Evidence of structural changes of an enzymatic extract entrapped into alginate beads

In this work, we analyzed the structural changes of araujiain entrapped into alginate beads. Araujiain is an enzymatic preparation containing three known enzymatic fractions with each fraction individually presenting a similar catalytic performance. Fluorescence and infrared spectroscopy, thermal analysis and residual catalytic activity studies were carried out. A small red shift in the spectrum of araujiain was observed after the entrapment process. Changes in the polarity around the tryptophan (Trp) residues were associated with an enzyme conformational change. From the Fourier transform infrared spectroscopy (FTIR) analysis, it was demonstrated that interactions between the enzyme extract and Ca alginate caused different structural behavior in araujiain. According to the diffuse reflectance infrared Fourier transform spectroscopy (DRIFT) study, it was possible to conclude that a secondary structure with a high α-helical character was responsible for the highest activity of entrapped araujiain. Finally, from thermal analysis measurements, it was proved that entrapment of araujiain augments the thermal stability of both the enzyme extract and Ca alginate, indicating a possible interaction between enzyme extract and its support.

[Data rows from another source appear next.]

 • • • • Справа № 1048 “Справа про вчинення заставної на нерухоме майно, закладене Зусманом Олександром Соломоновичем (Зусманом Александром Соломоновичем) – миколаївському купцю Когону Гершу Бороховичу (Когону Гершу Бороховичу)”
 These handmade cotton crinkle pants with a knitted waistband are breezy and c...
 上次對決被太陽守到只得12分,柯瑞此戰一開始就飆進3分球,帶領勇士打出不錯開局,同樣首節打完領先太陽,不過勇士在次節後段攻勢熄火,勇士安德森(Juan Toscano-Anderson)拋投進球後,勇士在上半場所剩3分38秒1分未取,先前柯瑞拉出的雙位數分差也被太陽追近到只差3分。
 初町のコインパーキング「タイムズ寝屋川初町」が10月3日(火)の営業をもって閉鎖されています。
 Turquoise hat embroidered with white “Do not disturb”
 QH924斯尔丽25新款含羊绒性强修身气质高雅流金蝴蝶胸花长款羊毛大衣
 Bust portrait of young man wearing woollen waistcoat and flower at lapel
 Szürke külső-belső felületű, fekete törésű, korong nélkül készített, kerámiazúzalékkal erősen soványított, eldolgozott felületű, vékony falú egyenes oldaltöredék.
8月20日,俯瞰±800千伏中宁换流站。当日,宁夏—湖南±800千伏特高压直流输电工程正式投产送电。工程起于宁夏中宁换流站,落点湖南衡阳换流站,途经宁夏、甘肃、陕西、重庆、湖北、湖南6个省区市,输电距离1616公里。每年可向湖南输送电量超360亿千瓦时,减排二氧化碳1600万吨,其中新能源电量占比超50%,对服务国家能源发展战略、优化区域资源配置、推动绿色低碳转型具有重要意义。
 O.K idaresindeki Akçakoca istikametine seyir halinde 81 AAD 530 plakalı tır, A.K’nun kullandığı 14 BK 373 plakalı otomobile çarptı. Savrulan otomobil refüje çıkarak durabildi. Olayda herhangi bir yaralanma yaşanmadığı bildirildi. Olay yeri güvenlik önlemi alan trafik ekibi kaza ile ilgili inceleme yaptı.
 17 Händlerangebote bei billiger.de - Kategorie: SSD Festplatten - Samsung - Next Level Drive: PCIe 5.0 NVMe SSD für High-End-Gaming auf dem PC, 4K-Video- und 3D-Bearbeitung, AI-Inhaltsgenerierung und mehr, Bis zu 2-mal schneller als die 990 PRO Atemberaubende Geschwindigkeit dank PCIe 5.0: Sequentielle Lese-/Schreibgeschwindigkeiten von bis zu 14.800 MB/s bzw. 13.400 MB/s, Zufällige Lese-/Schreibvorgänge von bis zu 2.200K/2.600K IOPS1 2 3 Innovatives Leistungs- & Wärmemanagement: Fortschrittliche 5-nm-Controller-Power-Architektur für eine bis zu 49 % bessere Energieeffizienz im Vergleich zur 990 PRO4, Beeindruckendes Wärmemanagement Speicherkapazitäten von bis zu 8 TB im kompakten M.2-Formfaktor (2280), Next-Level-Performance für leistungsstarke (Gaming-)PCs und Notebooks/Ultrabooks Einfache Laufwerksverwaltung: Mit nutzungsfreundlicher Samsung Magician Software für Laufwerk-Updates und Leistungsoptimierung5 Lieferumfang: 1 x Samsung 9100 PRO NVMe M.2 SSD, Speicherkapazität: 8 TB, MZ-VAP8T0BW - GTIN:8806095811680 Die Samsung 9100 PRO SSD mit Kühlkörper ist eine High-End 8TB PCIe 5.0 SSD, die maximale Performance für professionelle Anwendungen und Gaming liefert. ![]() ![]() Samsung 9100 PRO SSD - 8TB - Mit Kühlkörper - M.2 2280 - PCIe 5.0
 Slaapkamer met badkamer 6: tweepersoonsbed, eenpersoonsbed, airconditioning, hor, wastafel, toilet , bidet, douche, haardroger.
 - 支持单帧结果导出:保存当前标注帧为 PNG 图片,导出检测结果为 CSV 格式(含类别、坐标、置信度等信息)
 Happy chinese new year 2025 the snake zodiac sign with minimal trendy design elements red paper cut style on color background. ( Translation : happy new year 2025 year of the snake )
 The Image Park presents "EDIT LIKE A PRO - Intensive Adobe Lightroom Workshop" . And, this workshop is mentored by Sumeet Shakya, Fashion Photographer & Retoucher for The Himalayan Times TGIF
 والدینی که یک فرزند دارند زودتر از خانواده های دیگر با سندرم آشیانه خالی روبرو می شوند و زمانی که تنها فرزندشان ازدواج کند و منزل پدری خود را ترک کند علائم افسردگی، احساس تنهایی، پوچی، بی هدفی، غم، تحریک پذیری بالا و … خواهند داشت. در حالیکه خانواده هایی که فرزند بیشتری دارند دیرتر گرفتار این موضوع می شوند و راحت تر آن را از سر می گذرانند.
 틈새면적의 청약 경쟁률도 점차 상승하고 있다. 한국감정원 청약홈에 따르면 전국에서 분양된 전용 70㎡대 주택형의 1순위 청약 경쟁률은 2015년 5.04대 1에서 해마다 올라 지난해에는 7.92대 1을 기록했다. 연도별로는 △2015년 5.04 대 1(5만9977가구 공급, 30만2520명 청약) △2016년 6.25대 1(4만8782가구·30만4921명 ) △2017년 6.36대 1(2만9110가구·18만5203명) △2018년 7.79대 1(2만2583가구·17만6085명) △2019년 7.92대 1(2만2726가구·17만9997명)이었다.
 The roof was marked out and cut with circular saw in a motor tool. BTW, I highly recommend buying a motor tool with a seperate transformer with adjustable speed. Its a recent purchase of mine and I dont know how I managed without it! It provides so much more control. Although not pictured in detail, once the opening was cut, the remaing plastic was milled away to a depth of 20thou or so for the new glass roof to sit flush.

► We analyzed the structural changes of araujiain entrapped into alginate beads.
► A small red shift in the spectrum of the enzyme entrapped was observed indicating that Trp residues have more polarizable surroundings.
► A secondary structure with a high α-helical character was responsible for the highest activity of entrapped araujiain.
► Interactions between the enzyme extract and Ca alginate caused different structural behavior in araujiain.
► Entrapment of araujiain augments the thermal stability of both the enzyme extract and Ca alginate.